Ted Simons: It's not often you find a pizza place that emphasizes entertainment over pepperoni. Producer Christina Estes and photographer Juan Magana take us to a restaurant where the food isn't necessarily the focus.

Christina Estes: While pizza is part of the name at Organ Stop --

Jack Barz: We're more of an attraction than a restaurant.

Christina Estes: And this is the main course.

Charlie Balogh: This is probably the most unique musical instrument ever built.

Christina Estes: Originally built in 1927 to accompany silent movies at the Denver Theater, the mighty Wurlitzer organ made its way here more than years later to be restored and improved.

Jack Barz: It's a combination of many organs installed throughout the country, as well as some that have come over from England.

Christina Estes: Charlie Balogh is at one of the places known as pizza and pipes.

Charlie Balogh: I play the pipe organ in a pizza parlor. You know, they get that look.

Christina Estes: This is the look they get when Charlie plays.

Christina Estes: The console where he sits produces no sound on its own. It features a bunch of keys and buttons and switches, more than 1,000 in all, and they control nearly 6,000 pipes, 17 percussion instruments and two pianos.

Charlie Balogh: The boiler room is where all the air is generated for the organ. There are four different blowers in there, and they turn out compressed air at about 15,000 cubic feet a minute. That is channeled into the organ regulators. I always tell people looking at the blower room is like looking at the boiler room of the Titanic.

Christina Estes: Between slices, sips and songs, the audience gets a music lesson.

Charlie Balogh: I'll take you on a quick tour of the room. The pipes sound like a group of birds.
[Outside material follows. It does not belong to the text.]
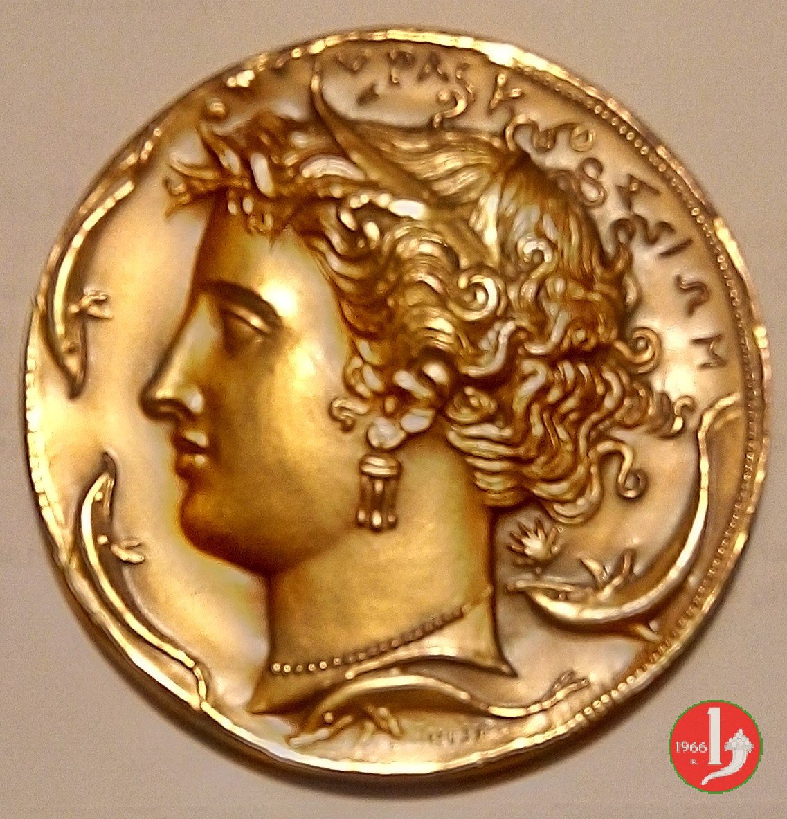 Medaglia uniface, riproduzione del dritto del decagramma di Siracusa.

Cow bells, even a set of horses hooves.

Christina Estes: There's something pretty amazing the audience can't see from the dining room, a dozen towering pipes, the largest stretching 36 feet high.
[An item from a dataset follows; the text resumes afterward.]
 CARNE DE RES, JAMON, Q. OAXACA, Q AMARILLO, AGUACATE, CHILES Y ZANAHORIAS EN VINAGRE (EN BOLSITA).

Charlie Balogh: It produces one note at 16 cycles a second and a 7.5 on the Richter scale. If you're watching T.V. and are having dinner and you feel the ground shaking underneath you, it's just me.
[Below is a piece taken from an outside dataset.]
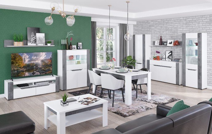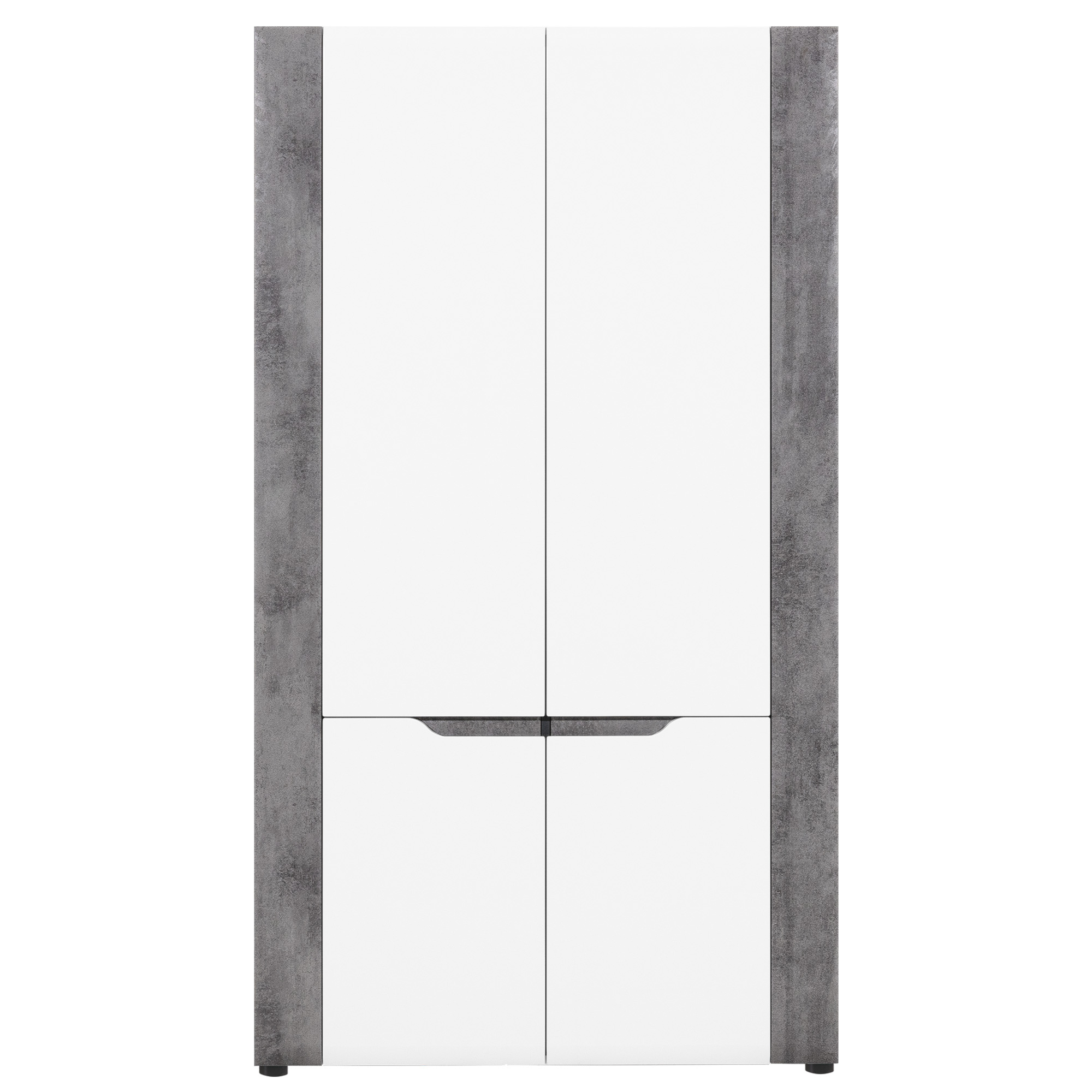 Šatníková skriňa je delená do dvoch úložných sekcií. Každú z nich zakrýva dvojica dverí, ktoré sa otvárajú do priestoru. Vrchná sekcia obsahuje jednu šatníkovú tyč a stane sa ideálnym miestom na kabáty, bundy a ďalšie módne kúsky. Spodná sekcia ponúka priestor delený dvomi policami, kam sa skvele hodia tričká, nohavice či spodná bielizeň. Skriňa je vyrobená z laminovaného dreveného materiálu, ktorý sa vyznačuje ľahkou udržiavateľnosťou aj dlhou životnosťou. Biele dvierka skvele dopĺňa kontrastný dekor betóna.

Jack Barz: People will be in here and I'll be talking to them and they'll be like "Gosh, we had no idea this place was around." You know, then sometimes you could be in places like Taiwan, people that are visiting, overseas visiting something and they live in Arizona, they will be talking to people about where they live. They will say, have you been to Organ Stop?

Christina Estes: Once they have, they can see and hear what's believed to be the biggest Wurlitzer organ in the world.

Ted Simons: In 1927 Wurlitzer organ cost about $35,000. Organ Stop Pizza estimates today's replacement value at more than $4 million.